Data Archiving Overview


Large volumes of business data with low access frequency can be archived and stored. The Data Archiving Service supports the archiving of data and the synchronizing of the archived data to the target database and specified directories, achieving data backup.


The major components and architecture of the Data Archiving service is shown in the figure below.


../../_images/archiving_arch.png

Features


Archiving Real-time Data and Offline Data

The Data Archiving Service supports the archiving of both real-time data ingested from devices or generated by stream processing jobs of specified models and data integrated from the offline message channel.


Archiving Real-time Alert Records

The Data Archiving Service supports the archiving of specified fields of real-time alert records (both history and active alert records) of specified models.


update Archiving Data Stored in TSDB

The Data Archiving Service also supports the archiving of history data that is stored in TSDB. The data archiving job for TSDB data is offline type and needs to be triggered manually.


Setting the Properties of Archived Files

Properties of archived files, including file type, encoding, column delimiter, compression, and size limit, can be set based on your data usage scenarios. In this way, the archived files will be ready for future development and analysis.


Customized Archiving Cycles

You can set customized data archiving cycles (1 hour, 12 hours, or 24 hours) based on the data amount and business requirements on data archiving efficiency.

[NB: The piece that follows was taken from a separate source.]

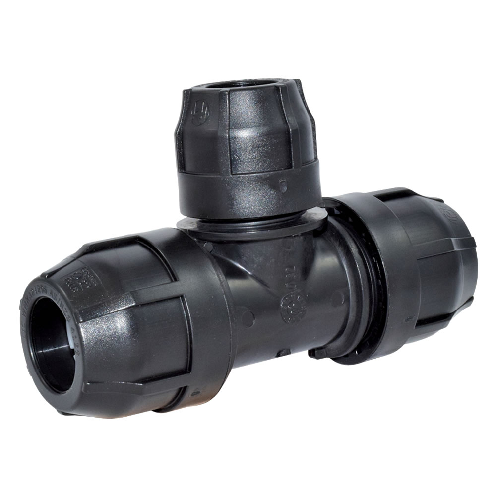 PP T-Reduzierung zum Reduzieren des Außendurchmessers 2er PE Rohre von 32mm auf 25mm.

The longer the archiving cycle is, the more data can be processed in the cycle, and the number of small files caused by data latency can be significantly reduced.


Setting the Storage System and Path

The archived files will be synchronized to the specified storage system (BLOB or HDFS) and stored in the configured path, thus achieving data backup.

Resource Preparation


Data Archiving Resource

Before configuring data archiving jobs, ensure that your OU has requested for the Data Archiving resource through the EnOS Management Console > Resource Management page. The resource specification determines the amount of data records that can be archived per second by all data archiving jobs that are running. For more information about requesting for the Data Archiving resources, see Data Archiving Resource Specification.


When you do not need to archive data with the Data Archiving service, you can delete and release the requested Data Archiving Resource through the Resource Management page to save costs.

Limitations

When using Data Archiving, the following limitations should be noted.


Number of Supported Archiving Jobs

The maximum number of data archiving jobs that can be created for an organization is 10.


Archive File Generation

When a data archiving job is submitted, the system starts reading data from the specified message channel. However, if no data is cached in the archiving cycle when the archiving job is submitted, no archive file will be generated.


Data Retention In Case of Job Failure

The data retention time of the current message channel is 3 days by default. In case of job failure, data archiving jobs must be troubleshooted and restarted in time to avoid data loss.